Photo by Will Ellis.
The sprawling Creedmoor Pyschiatric Center was constructed in 1912 in Queens Village as the Farm Colony of Brooklyn State Hospital, one of hundreds of similar psychiatric wards erected at the turn of the century to house and rehabilitate those who were ill equipped to function on their own. By 1960, Creedmoor’s population swelled from 150 in 1918 to over 7,000. As late as 1984, the violent ward of Creedmoor Psychiatric Center was rocked with scandal following the death of a patient, who was struck in the throat with a blackjack by a staff member. (The man was restrained in a straitjacket at the time.)

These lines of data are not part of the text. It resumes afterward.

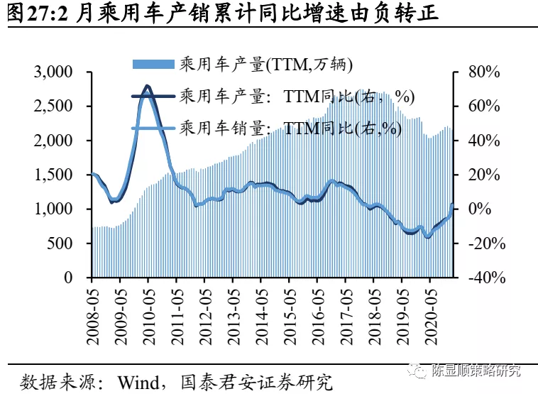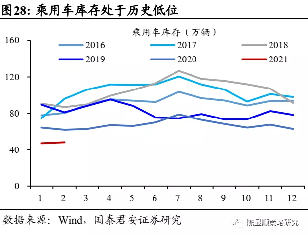 汽车产销:3月乘用车预计销量174万辆,芯片短缺或驱动成交价提升。2月乘用车累计产销同比增速由负转正,产量累计同比增速从1月的-4.08%转为2月的2.84%,增加6.92个百分点,销量累计同比增速由-3.73%转为2.3%,增加6.03个百分点。乘联会预计3月乘用车销量约为174万辆,当月同比增长约66.0%,环比2月增长47.5%。当前乘用车库存处于近五年历史低位,受部分厂商面临芯片短缺的影响,车型缺货或将驱动成交价提升。
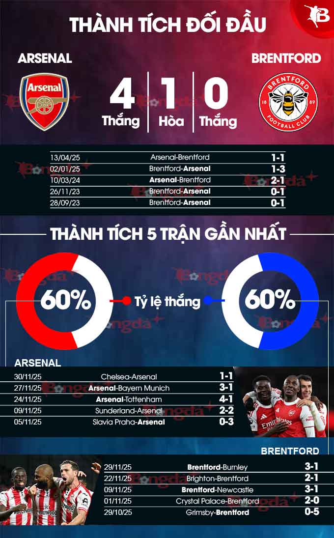 Cần nhấn mạnh, Arsenal đã thắng 6 trong 7 trận sân nhà gần nhất tại Ngoại hạng Anh (hòa 1), bao gồm chuỗi 3 trận gần nhất. Và nếu tính trên mọi đấu trường, Pháo thủ đã thắng giòn giã 10 trận, hòa 1 ở 11 trận vừa qua tại Emirates mùa này. Hơn nữa, "Bầy ong" đang có 2 thất bại gần đây trên sân khách tại Premier League 2025/26. Xem ra, nhiều khả năng Arsenal cũng thắng nhẹ nhàng trước Brentford ở trận này để tiếp tục độc chiếm ngôi đầu.
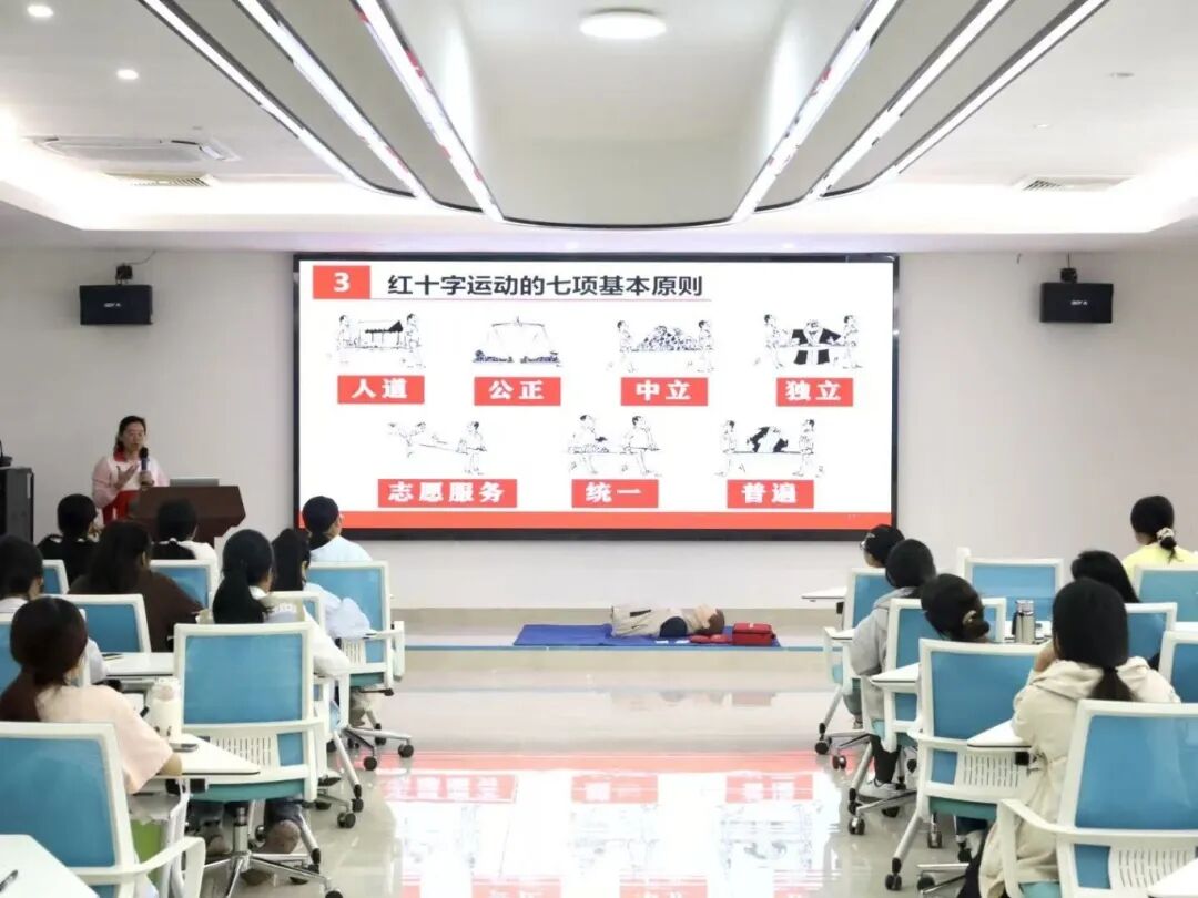 培训伊始,主讲老师何晓秋以红十字“人道、博爱、奉献”精神为切入点,先阐明了红十字运动的七项基本准则及相关知识,后结合真实急救案例,系统讲解了“黄金急救时间”的重要性,还逐项拆解了心肺复苏的按压深度、频率,以及AED的规范操作步骤。深入浅出的理论讲解,帮助学员快速理解了“急救操作背后的医学逻辑”。

The campus continues to operate today, housing only a few hundred patients and providing outpatient services. Many of the buildings at Creedmor have been sold off. Others, like Building 25, lie fallow. Building 25 is notoriously filled with piled of pigeon poop while building 70 has the remnants of a former NYPD narcotics office filled with fake blood.
Located down one of the most picturesque blocks in New York City stands a building with a notoriously dark history. Nicknamed the “House of Death,” 14 West 10th Street is supposedly haunted by 22 ghosts, the most famous of which is Mark Twain, who resided there from 1900-1901. The brownstone was also home to a real life demon—Joel Steinberg. A former New York criminal defense attorney, Steinberg was charged with first-degree manslaughter for beating his 6-year old, illegally adopted “daughter” to death.
Greenbelt’s unruly forest surrounds Farm Colony structures.
Throughout its history, the Staten Island Farm Colony was often associated with society’s unwanted. The colonial farm era in the 19th century witnessed a bout of construction developments catered to housing the poor, infirm, mentally ill and developmentally disabled. On a rather disturbing note, a 1920s abduction and murder of a seven-year-old boy toccurred on the Farm Colony’s grounds. The Farm Colony community claimed they saw an old man and young boy walking in the woods on the day the child went missing, and fingers pointed to legendary serial killer Cropsey as the one to blame.
In another story, Andre Rand, a man who allegedly lived in the tunnels underneath the abandoned site, was responsible for a string of child murders during the 70’s and 80’s. In 1987 the body of Jennifer Shwweiger was found not far from where he set up camp.
This Revolutionary-era tavern, still in service today, was the site of George Washington’s farewell address to his army officers at the end of the war. Other people have bid farewell there as well–though not voluntarily. The tavern was the site of a murder/suicide in the 1790′s, when a man stabbed his cheating wife and then himself. In 1975, Puerto Rican nationalists bombed the building, killing four. Workers and patrons have reported hearing footsteps and unexplained noises. Today, the first floor of Fraunces Tavern remains a tavern and restaurant, and the second floor is a museum full of Revolutionary War relics including George Washington’s tooth!
A former sugar refinery was located at 1 Police Plaza during the Revolution and it is commonly said to have housed a British prison, although one historian believes it to be an urban myth. It’s rumored to be haunted by the prisoners who starved here during the war. Nonetheless, other notorious sugar house prisons were located nearby housing prisoners in terrible conditions. The refinery here was demolished in 1892, and today is the NYPD headquarters. One window of the original refinery remains, and is integrated in the current building.